I have never spoken with a school shooter, but I’ve talked with many teenage boys and young men who—though behaviorally nonviolent themselves—emotionally connect with the anger, alienation, and hopelessness of school shooters.
Regardless of whether they received poor or excellent grades, these teenage boys and young men all tell me that high school was an oppressive experience. When we talk about Trump’s support for arming school teachers, they make caustic remarks such as: “Prison experts have long known that it’s a bad idea for prison guards to carry guns.”
Cynical about virtually all societal institutions, these young people tell me that NRA leaders care only about the NRA and gun profits and couldn’t care less about them. And they have no hope that gutless politicians’ gun control laws will decrease school shootings.
These teenage boys and young men are acutely sensitive to the variety of ways adults try to coerce compliance, and they dislike both self-identified “conservatives” and “liberals.” For these young people, conservatives’ religion and militarized society and liberals’ schools and shrinks are different faces of the same oppressive box.

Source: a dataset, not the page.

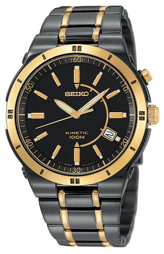 This Men’s watch with Black Ion Finish and gleaming gold tone highlights makes for rich contrast in this Seiko watch. By the simple movement of your wrist, the rechargable battery charges itself. Once fully charged, it captures and stores energy up to six months. Kinetic – the most advanced electronic watch technology. Environmentally friendly. Features in a black dial accented by the gold hands and markers and the power reserve indicator. 100 meters water resistant.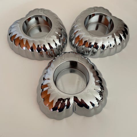 Georg Jensen dekorasjon ornamenter laget i rustfritt stål. Settet består av tre ulike størrelser med en bølget, organisk form. Passer som dekorative elementer i hjemmet eller i kontor miljø

Especially cynical about mental health treatment, these young people all know emotionally troubled peers for whom mental health treatments were unhelpful, in some cases resulting in troubled kids becoming scary ones. Some of these young men whom I talk with know the details of the lives of well-known school shooters who had undergone treatment prior to their massacres—for example, Eric Harris and Dylan Klebold, whose school shooting in 1999 at Columbine High School in Littleton, Colorado resulted in 15 dead (including themselves) and many others severely injured.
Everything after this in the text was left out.